Representing the Most Economically Marginalized (CARES Act Prison Case)
In August 2020, Lieff Cabraser and the Equal Justice Society filed Scholl v. Mnuchin, et al., a lawsuit challenging the IRS and U.S. Treasury Department’s improper withholding of CARES Act stimulus funds from over 1.5 million incarcerated Americans and their families. In October 2020, United States District Court Judge Phyllis Hamilton certified a class and entered a permanent injunction stopping the government misconduct. As a result of this case, Class members were able to secure over $1.5 billion in critically needed economic assistance for themselves and their families, making this one of the largest recoveries ever on behalf of a purposefully disenfranchised group through a single lawsuit.
Auto Financing Redlining
In cases filed in Tennessee and California, Lieff Cabraser with co-counsel represented African American and Latinx customers who alleged they were charged less favorable rates and terms for automobile financing by WFS Financial, American Honda Finance Corporation, and Toyota Motor Credit Corporation. The cases resolved for over $150 million and substantial changes in the way the companies sell automobile finance contracts.
Race Discrimination in Employment
Lieff Cabraser has filed numerous race discrimination class actions against employers, including a class action for African American, Latinx, and Asian American employees challenging the allegedly racist “look policy” of Abercrombie & Fitch. Lieff Cabraser prosecuted the case with the Mexican American Legal Defense and Education Fund, the Asian Pacific American Legal Center, the NAACP Legal Defense and Educational Fund, Inc., and other firms. The case settled for $50 million and business changes to promote diversity and prevent discrimination.
Criminal Justice Pro Bono (Overturning Outrageous Wrongful Conviction in New Orleans)

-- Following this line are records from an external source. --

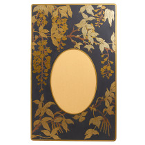 Elaborately detailed, acid etched and multi-patinated bronze table top photo frame with gilt details of a cascade of wisteria blossoms, leaves and vines.
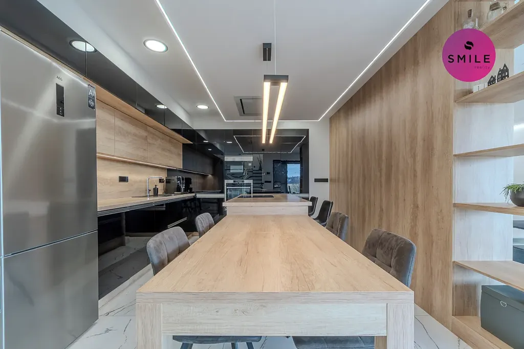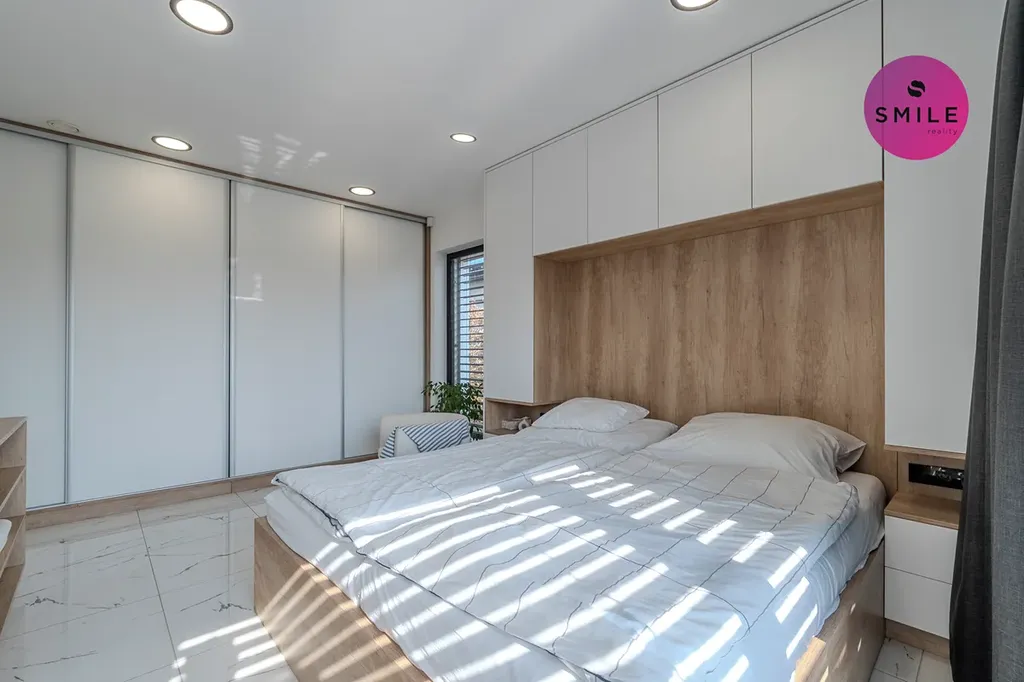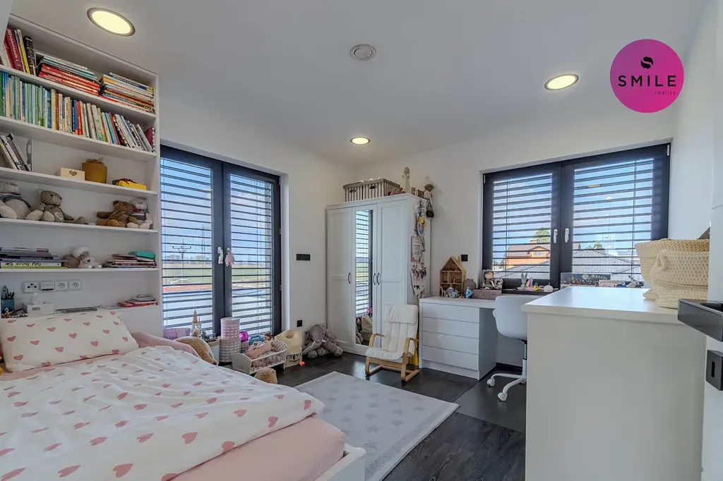 V interiéru nechybí prvky, které podtrhují celkový nadstandard domu – centrální vysavač Electrolux, okna s trojskly, sítě proti hmyzu, venkovní žaluzie či designové vypínače. Dům nabízí také praktické technické zázemí, dostatek úložných prostor a celkově velmi komfortní provoz pro každodenní rodinné fungování.
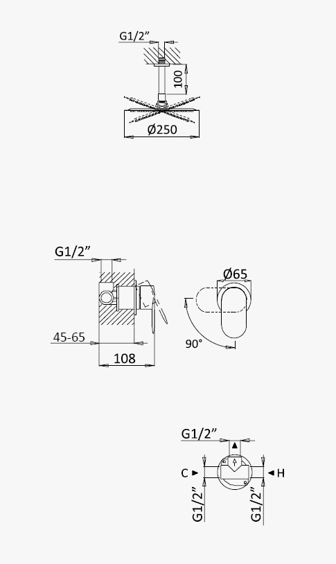 Bateria natryskowy podtynkowa z deszczownicą sufitową,
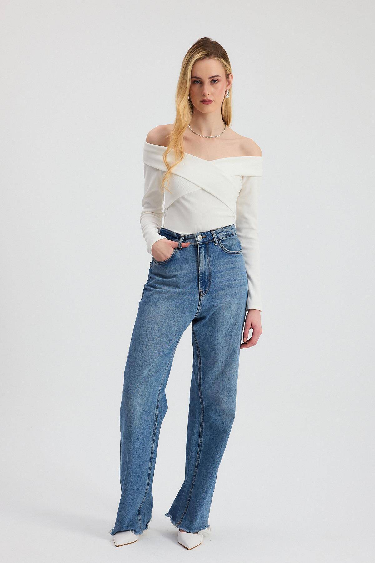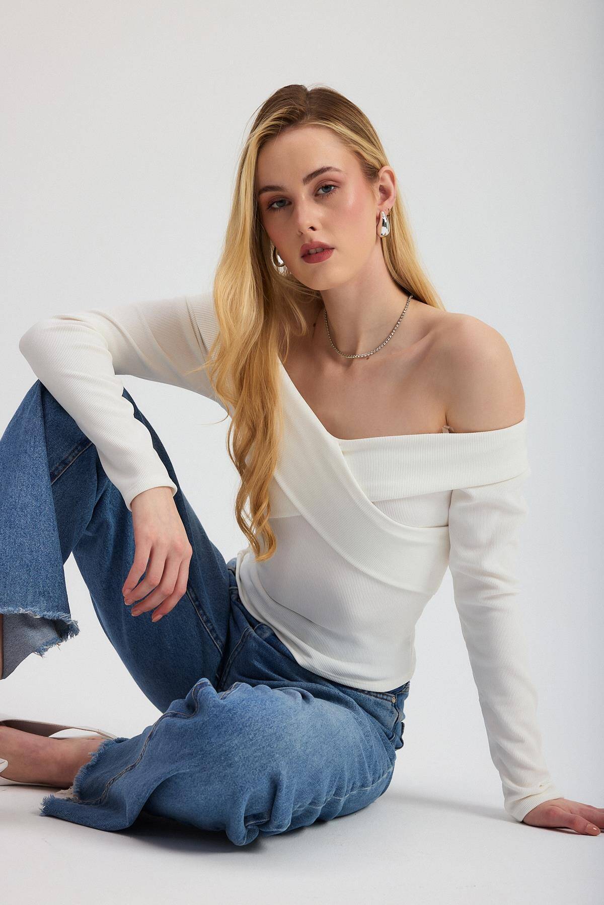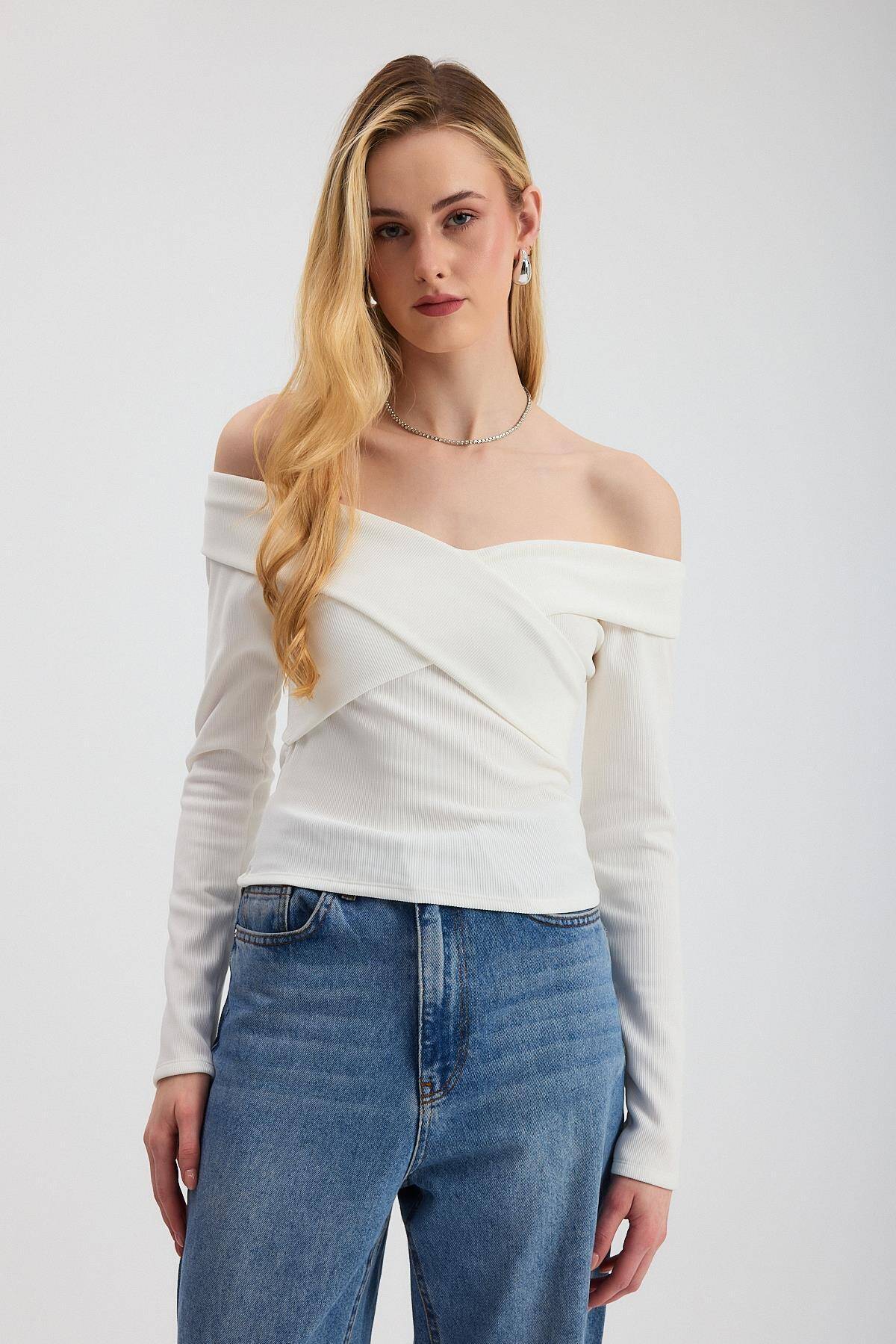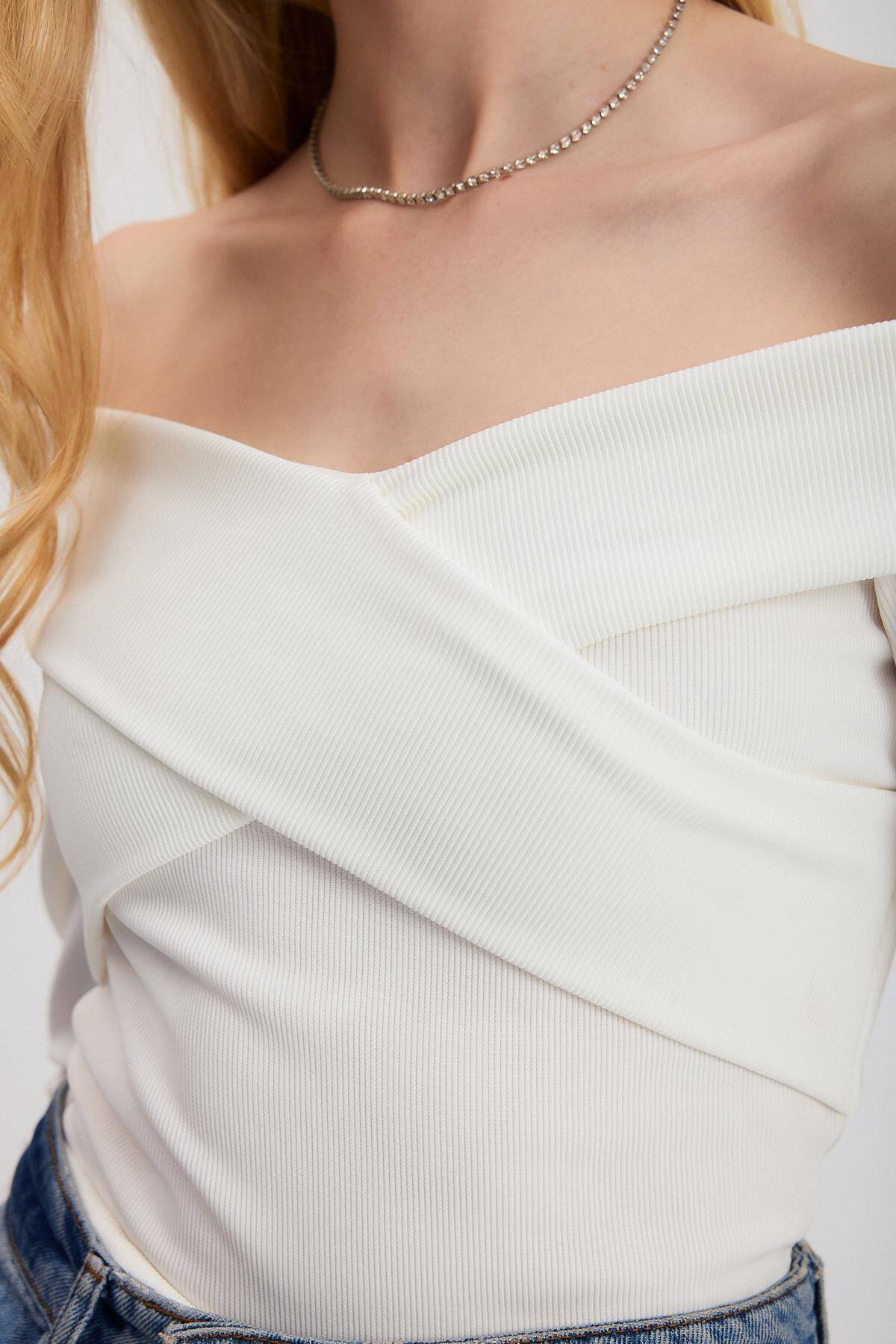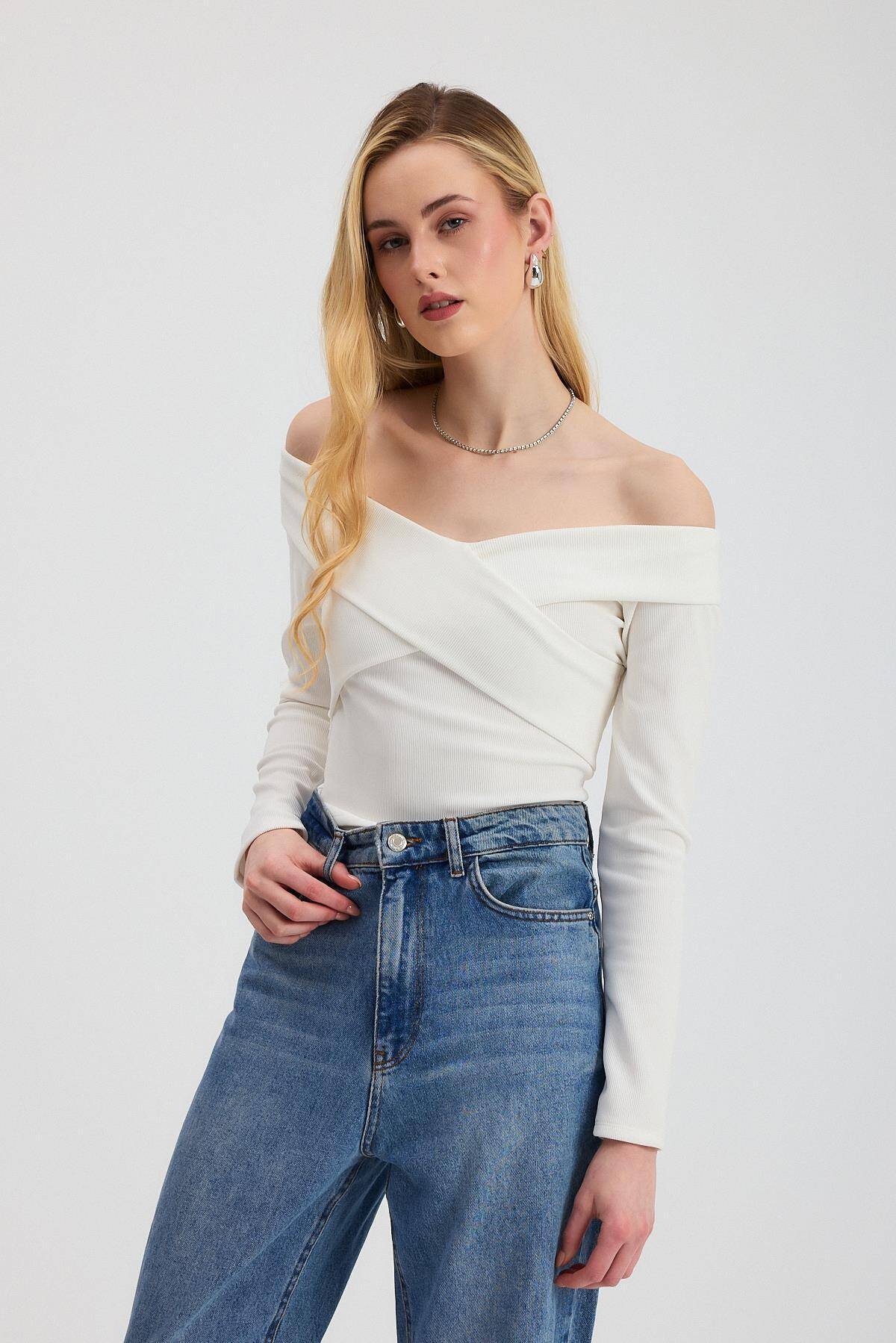 12748 Çapraz Madonna Yaka Bluz Ekru

Along with co-counsel, Lieff Cabraser represented Yutico Briley, who was convicted in 2013 of armed robbery after allegedly stealing $102 at gunpoint. Yutico was 19 years old at the time, and received a sentence of 60 years without the possibility of parole. From the moment of his arrest, Mr. Briley professed his innocence, pointing to the fact that he was in a hotel room across town during the time of the robbery. The State’s case was weak, consisting of a cross-racial (white victim, Black suspect) “show-up” identification (meaning the victim was shown only one suspect to choose from). The white victim’s description of the assailant’s build and skin tone did not match Mr. Briley, but the cases rested on the fact that Mr. Briley was African American and wore a hoody. After Lieff Cabraser got involved years later and successfully petitioned for the conviction to be overturned in 2020, the District Attorney reviewing the case stated in part: “We believe his case demonstrates multiple failures of the criminal legal system that have been far too common in the typically brief trials of young Black men in Orleans Parish. It is an injustice that needs to be rectified as promptly as possible.” The judge granting the relief likewise concluded: “The criminal legal system unquestionably failed Mr. Briley. It also failed the victim of this crime, and it failed the City of New Orleans.”